Father Sergius () is a 1978 Soviet drama film directed by Igor Talankin based on the posthumously published 1911 short story of the same name by Leo Tolstoy.

Plot
Prince Stepan Kasatsky, an officer, ardent, proud young man is a big admirer of the king. Kasatsky is about to get married, but at the last moment learns from the bride that she was the mistress of the emperor. The prince is deeply disappointed in secular life, he takes a monastic vow and leaves the capital. Faith in God was supposed to save his soul, but passions and worldly temptations do not leave Kasatsky.

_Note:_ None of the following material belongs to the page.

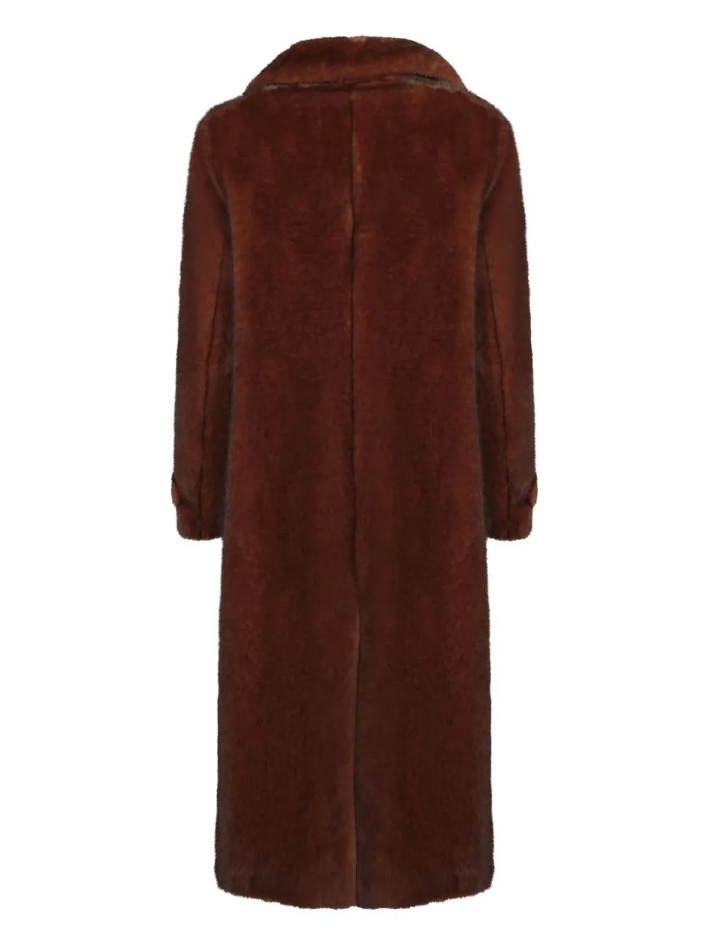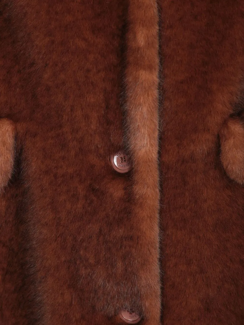 Коричневый искусственный мех застежка на пуговицы накладные карманы спереди с клапанами длинные рукава лацканы с вырезом

Father Sergius (Kasatsky's new name) leads the hermit's way of life, strictly adhering to order and pacifying the flesh. Deciding that this is not enough - he decides to leave the monastery. He becomes a recluse and starts to live in a cave. Rumors about a former handsome officer who took tonsure, reach a group of people who are resting nearby the monk's cave. A beautiful depraved woman tries to seduce him, and Father Sergius has to cut off his finger to avoid succumbing to her charms. More time passes, and he still does not manage to avoid sin. The feeble-minded daughter of a local merchant, who was led to the hermit for prayer therapy, seduces the monk.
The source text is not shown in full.